Валерьян Вениаминович не сразу постиг: это знание – особенно числа N миропроявлений в МВ – было крупнее знания самих миропроявлений; хоть с крыши их смотри, хоть из кабины ГиМ. Глядя на это растущее число и понимая, что за ним, можно было больше приобщиться к вечности-бесконечности, к первичному, нежели внедряясь в МВ, ведя там наблюдения, исследования, потом обрабатывая результаты в лаборатории, обсуждая их, споря до хрипоты и тому подобное. Потому что внедрение в МВ, всего лишь в одно миропроявление, такое же, как и окрест, в Большой Вселенной. В мгновенное состояние ее, длящееся миллиарды лет. А число напоминает о всех их. О масштабной мощи времени-цельности.

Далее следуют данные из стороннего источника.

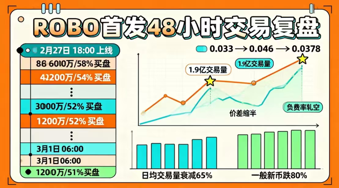 ROBO首发48小时交易量1.9亿,涨幅39%(0.033→0.046),表现中上。

«Сначала было число… – вспоминал Пец тезис из тайной доктрины индусов, глядя на экранчик ЧЛВ. – Число, не Слово. Не это ли?.. Или у Лао-цзы, основателя даосизма: „Вселенную можно познать, даже не глядя в окошко“. Ну, положим, раз-другой не вредно и выглянуть – в той же кабине ГиМ. А потом уж действительно…»
«Внедряясь в МВ, мы поддаемся гипнозу квази-Большой Вселенной. Что все это значительно: галактики, звезды, планеты… Но число-то значительнее, оно весь океан – океан времени, в котором миропроявления вроде ряби над километровой толщей вод. Разве бывает значительной рябь?..»

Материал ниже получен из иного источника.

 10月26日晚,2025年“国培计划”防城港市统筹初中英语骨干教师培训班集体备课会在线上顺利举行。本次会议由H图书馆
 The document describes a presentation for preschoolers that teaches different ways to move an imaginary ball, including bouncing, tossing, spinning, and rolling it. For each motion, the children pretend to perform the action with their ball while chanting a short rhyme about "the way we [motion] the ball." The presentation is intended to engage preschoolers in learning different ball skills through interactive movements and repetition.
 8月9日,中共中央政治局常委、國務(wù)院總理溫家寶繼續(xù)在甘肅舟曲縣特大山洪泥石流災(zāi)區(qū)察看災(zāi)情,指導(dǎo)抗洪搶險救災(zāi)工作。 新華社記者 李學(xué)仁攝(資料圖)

Так он блаженствовал в своем «пецарии» – весь философский, теоретический и отрешенный, – как поросенок в луже. Балдел. Только врожденные добросовестность и ответственность возвращали его вниз, к делам и заботам института.
Но чувствовал себя Валерьян Вениаминович уже на пределе. Еще небольшая перегрузка – и он устало согласится признать видимость понимания, закамуфлированную терминами и числами, за понимание, движение по равнодействующей от давлений со всех сторон – за свои решения и действия.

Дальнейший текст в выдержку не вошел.